時代の流れに取り残されたのはなぜだろうか。事務仕事では頭を使わない(というと語弊があるが)。効率化ももちろん大事だが、事務にとって一番大切なのは、ミスなく滞りなく書類を作成し、次の係にタスキをつなぐことだろう。だから必然的に、工夫をするということが少なくなる。もちろん、この世の事務をされている方々は工夫を凝らしていらっしゃるのだろうが、私の職場ではそうではない。ミスがないように、慎重に慎重に「処理」という業務に励んでいる。結果として、時代の流れにいつの間にか取り残される。それで、机の上は書類で埋め尽くされるわけだ。

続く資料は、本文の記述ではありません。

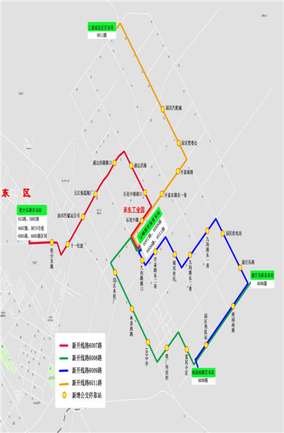 6007路、6008路、6009路、6011路新开线路示意图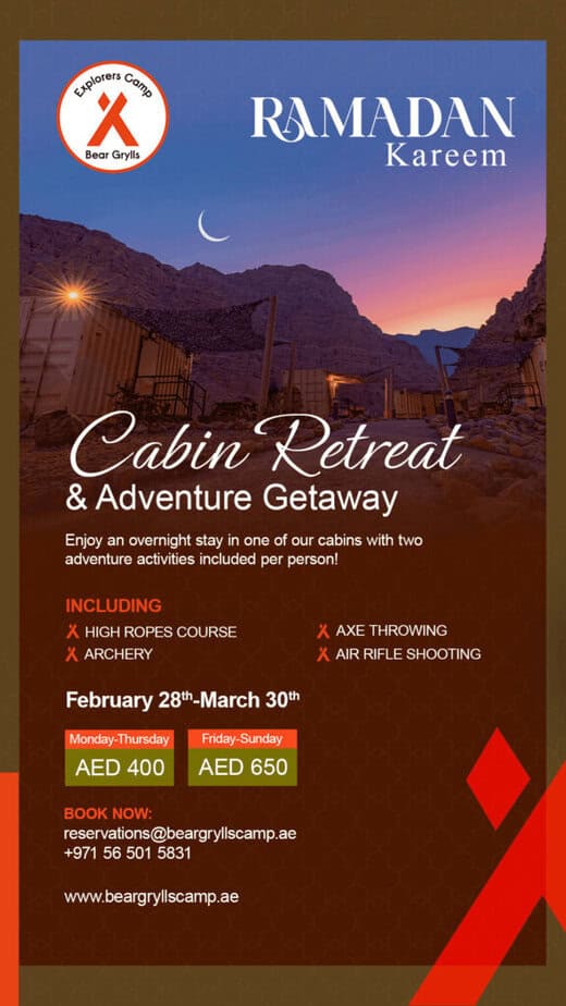 Alright, folks—Ramadan is here, and while some may be planning cozy iftars at home, we’re here to shake things up. What if you could break your fast under a star-lit sky, surrounded by the rugged beauty of Jebel Jais, after a day packed with adventure? Sounds epic, right? Well, pack your bags (and maybe some extra courage) because Bear Grylls Explorers Camp is offering the ultimate nature escape this season.

本人たちは、仕事をするのに必死なのだろう。しかし、仕事の喜びは知らないだろう。かく言う私も、仕事の喜びはあまり知らない。これは非常に不幸な事だと思う。空気の流れも悪く、混濁している。人間の精神もどんどん凝り固まっていき、書類でいっぱいになった書棚のように頑固者になっていく。一体誰が好き好んで、こんな仕事を日々しているのだろうか。

私も、ここで働く者の一人だ。私はどうにかこの状況を変えたいと願う。しかし職場というのは、歴史の重みでビクともしない。ここを去ったほうがいいのか、もうしばらくここで頑張ったらいいのか。働くものは気づいている。いつかこの職場は、閉鎖されるだろうと。働くものは気づいている。自分たちも仕事の喜びを感じたいと。私たちの掠れた叫びを聞いて欲しいと。